> [Assigned task] Pictures in the listing should not be copied. Reproduce, word for word, each line from the one holding "流體與信號電極之間的靜電電容" through the final line.

━━━━━ Material provided ━━━━━

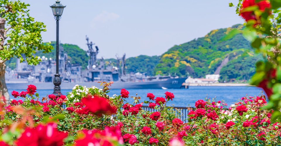 横須賀港に面する「ヴェルニー公園」は、横須賀の造船技術に貢献したフランスの造船技師、フランソワ・レオンス・ヴェルニーの功績を称えて整備されたフランス式庭園です。見どころは、約130品種・1,300株の色鮮やかなバラが咲く花壇。毎年5月と10~11月の見ごろの時期には、音楽の演奏会やフリーマーケットが楽しめる「ローズフェスタ」が開催され、多くの人で賑わいます。
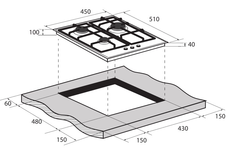 ZUGEL ZGH450W Газовая поверхность
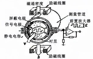 流體與信號電極之間的靜電電容可檁定測量。另外,電極式電磁流量計,在附著性物質的導電率很高時,會產生電動勢短路現象,同樣也會使輸出電流降低,影響測量精度,
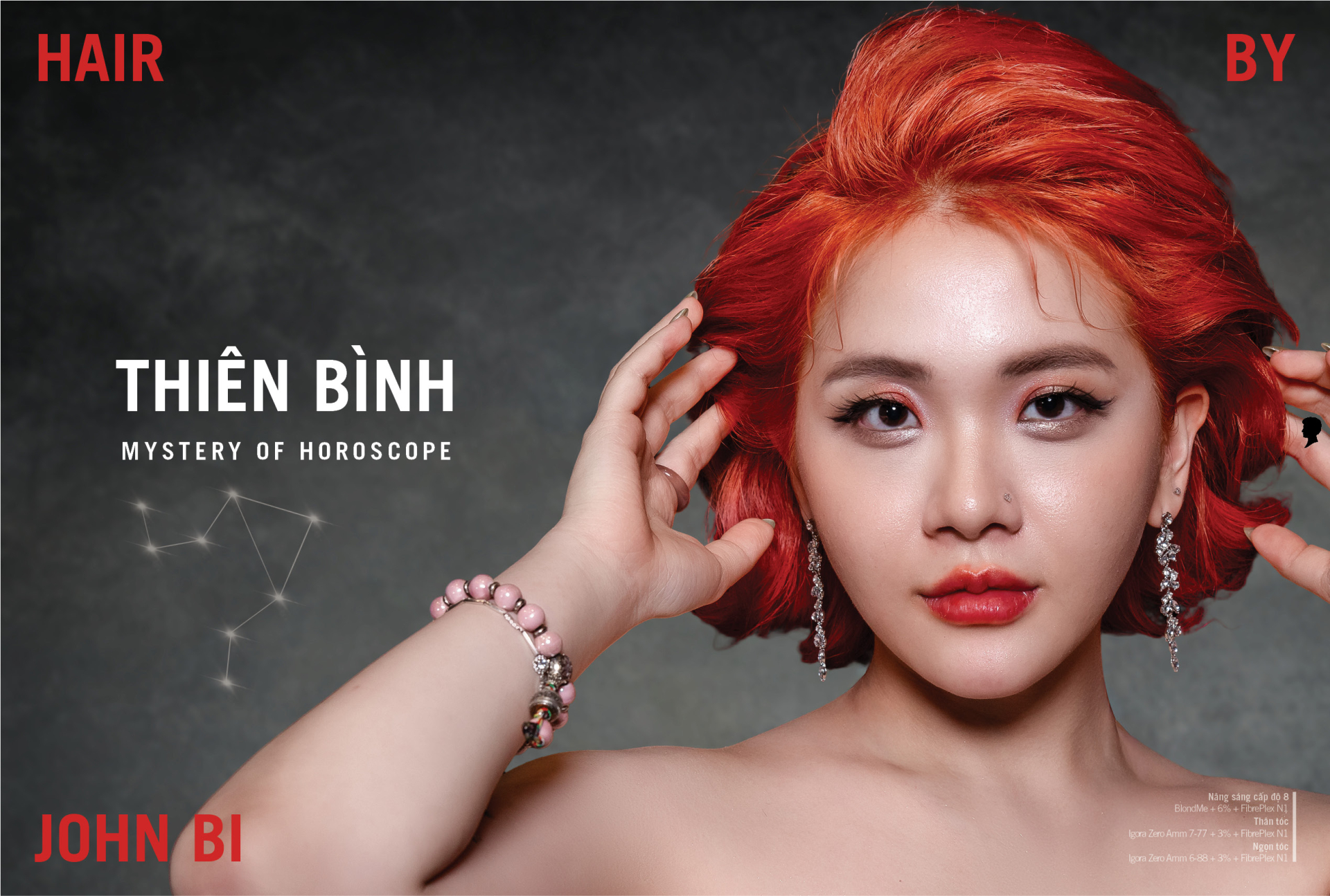 Với thiết kế Thiên Bình, Chuyên gia John Bi chọn những sắc đỏ hồng san hô với kết cấu mềm mại, kết hợp với kiểu cắt gọn, tạo độ phồng tự nhiên ở phần mái và đuôi, tạo nên tổng thể thanh lịch, hài hòa đúng tinh thần cung hoàng đạo mang biểu tượng cân bằng. Thiên Bình trong thiết kế này không chỉ là kiểu tóc mà là biểu đạt sống động của sự cân bằng, tự do và nét tinh tế không thể nhầm lẫn.

━━━━━

> [Completed exercise]
 流體與信號電極之間的靜電電容可檁定測量。另外,電極式電磁流量計,在附著性物質的導電率很高時,會產生電動勢短路現象,同樣也會使輸出電流降低,影響測量精度,
 Với thiết kế Thiên Bình, Chuyên gia John Bi chọn những sắc đỏ hồng san hô với kết cấu mềm mại, kết hợp với kiểu cắt gọn, tạo độ phồng tự nhiên ở phần mái và đuôi, tạo nên tổng thể thanh lịch, hài hòa đúng tinh thần cung hoàng đạo mang biểu tượng cân bằng. Thiên Bình trong thiết kế này không chỉ là kiểu tóc mà là biểu đạt sống động của sự cân bằng, tự do và nét tinh tế không thể nhầm lẫn.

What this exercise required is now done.